So all these .so files & their dependent files needs to be available in app’s filesystem. I guess it might be difficult to figure out all the dependencies of a platform driver

I’m inclined to update existing interfaces for this as well, but see that the shared libraries are sprinkled all over the place. I suspect that you will have trouble making a classic snap work in a robust manner across all the supported distributions with things working like this. It seems that for typical OpenCL usage we’d want to grant access to /etc/OpenCL/{,**} r, and expand opengl to handle the libs in /usr/lib. Can you comment on that for the general case? I understand for your snap, this wouldn’t work.

@zyga-snapd - can you participate in this conversation?

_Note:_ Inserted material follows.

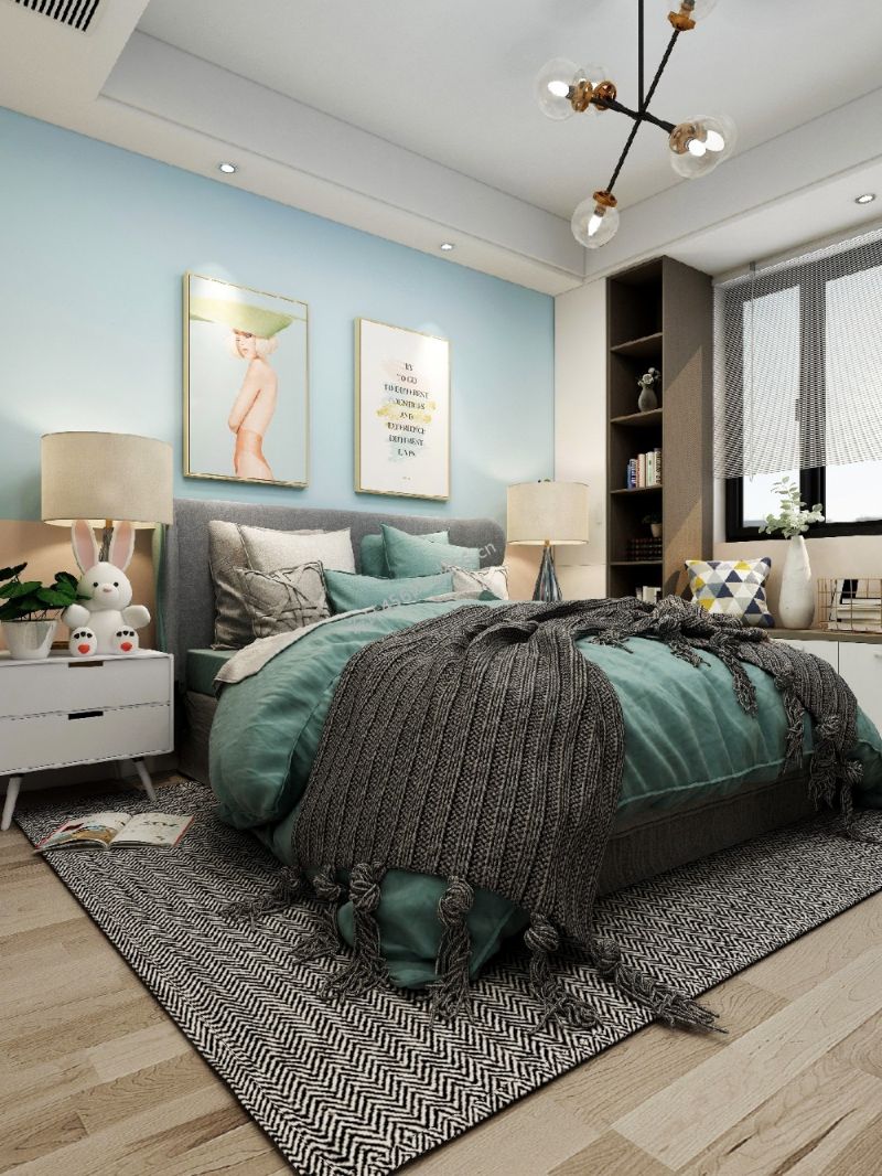 馨悦茗园北欧风格86平米二居室装修案例风效果图

I guess something has already been done about opencl in opengl plug https://github.com/snapcore/snapd/blob/master/cmd/snap-confine/mount-support-nvidia.c#L114 and https://github.com/snapcore/snapd/blob/master/interfaces/builtin/opengl.go#L86 , which is why I can see only nvidia platform in strict mode when plugged with opengl. This should be sufficient for apps needing only gpu

Ping @zyga-snapd - interested on your thoughts on this before proceeding.

This is an interesting case.

@kraj03 would you mind sharking the information in /etc/OpenCL/vendors/? Would you mind running the software (e.g. packaged with classic confinement) via strace to let us see what kind of access is really taking place?

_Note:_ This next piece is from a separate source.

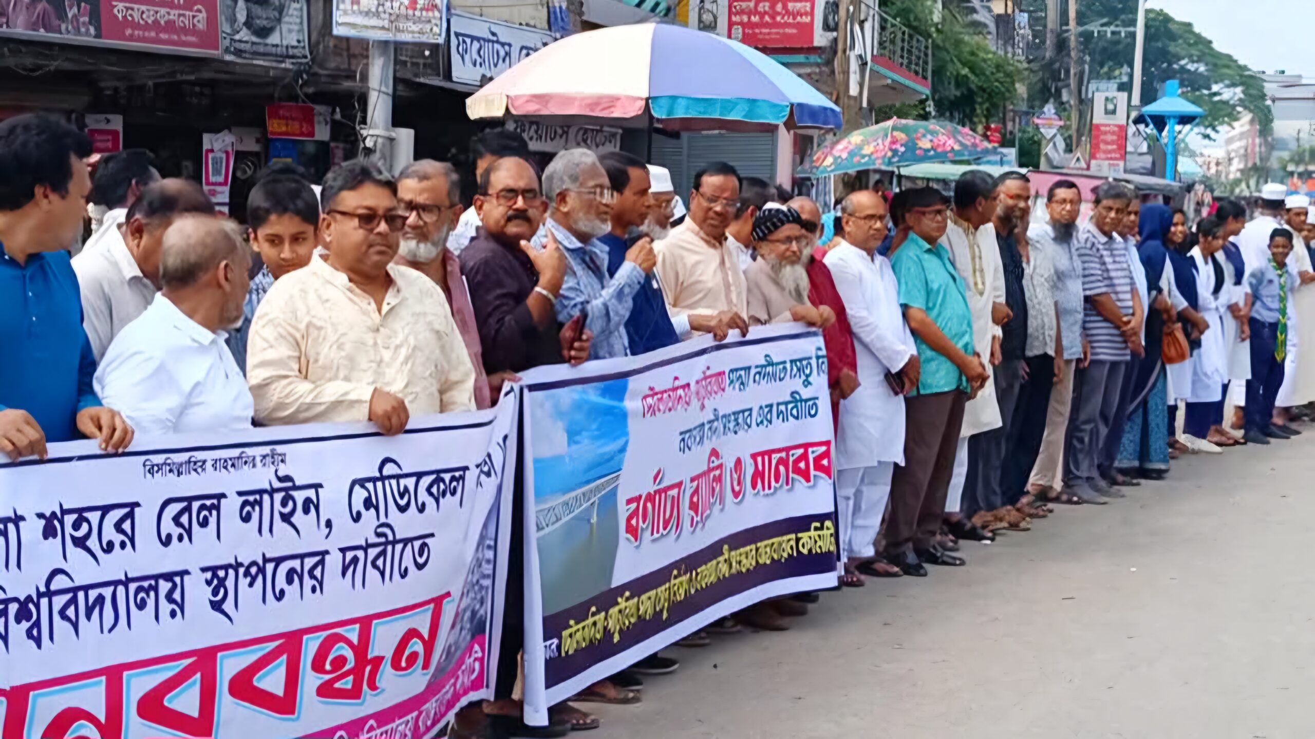 ঝিনাইদহে রেললাইন, মেডিকেল কলেজ ও নদী সংস্কারের দাবীতে মানববন্ধন

Personally I’d be okay with granting the request until the time that snapd improves enough to model this system sufficiently for this to become strict. In addition the open-ended nature of the OpenCL plugin system means that depending on the actual hardware the set of sandbox changes will change.

Trimmed strace logs for both cases

Classic:

openat(AT_FDCWD, “/etc/OpenCL/vendors/nvidia.icd”, O_RDONLY) = 4
openat(AT_FDCWD, “/etc/OpenCL/vendors/intel.icd”, O_RDONLY) = 4
openat(AT_FDCWD, “/etc/OpenCL/vendors/intel-beignet-x86_64-linux-gnu.icd”, O_RDONLY) = 4
openat(AT_FDCWD, “/etc/OpenCL/vendors/intel64.icd”, O_RDONLY) = 4
openat(AT_FDCWD, “/etc/OpenCL/vendors/pocl.icd”, O_RDONLY) = 4

openat(AT_FDCWD, “/usr/lib/x86_64-linux-gnu/libnvidia-opencl.so.1”, O_RDONLY|O_CLOEXEC) = 4
openat(AT_FDCWD, “/usr/local/lib/libigdrcl.so”, O_RDONLY|O_CLOEXEC) = 4
openat(AT_FDCWD, “/usr/lib/x86_64-linux-gnu/beignet//libcl.so”, O_RDONLY|O_CLOEXEC) = 4
openat(AT_FDCWD, “/opt/intel/opencl_compilers_and_libraries_18.1.0.013/linux/compiler/lib/intel64_lin/libintelocl.so”, O_RDONLY|O_CLOEXEC) = 4
openat(AT_FDCWD, “/usr/local/lib/libpocl.so.2.3.0”, O_RDONLY|O_CLOEXEC) = 4

Strict with opengl plug:

openat(AT_FDCWD, “/etc/OpenCL/vendors/nvidia.icd”, O_RDONLY) = 4
openat(AT_FDCWD, “/etc/OpenCL/vendors/intel.icd”, O_RDONLY) = 4
openat(AT_FDCWD, “/etc/OpenCL/vendors/intel-beignet-x86_64-linux-gnu.icd”, O_RDONLY) = 4
openat(AT_FDCWD, “/etc/OpenCL/vendors/intel64.icd”, O_RDONLY) = 4
openat(AT_FDCWD, “/etc/OpenCL/vendors/pocl.icd”, O_RDONLY) = 4

openat(AT_FDCWD, “/var/lib/snapd/lib/gl/libnvidia-opencl.so.1”, O_RDONLY|O_CLOEXEC) = 4
openat(AT_FDCWD, “/usr/local/lib/libigdrcl.so”, O_RDONLY|O_CLOEXEC) = -1 ENOENT (No such file or directory)
openat(AT_FDCWD, “/usr/lib/x86_64-linux-gnu/beignet//libcl.so”, O_RDONLY|O_CLOEXEC) = -1 ENOENT (No such file or directory)
openat(AT_FDCWD, “/opt/intel/opencl_compilers_and_libraries_18.1.0.013/linux/compiler/lib/intel64_lin/libintelocl.so”, O_RDONLY|O_CLOEXEC) = -1 ENOENT (No such file or directory)
openat(AT_FDCWD, “/usr/local/lib/libpocl.so.2.3.0”, O_RDONLY|O_CLOEXEC) = -1 ENOENT (No such file or directory)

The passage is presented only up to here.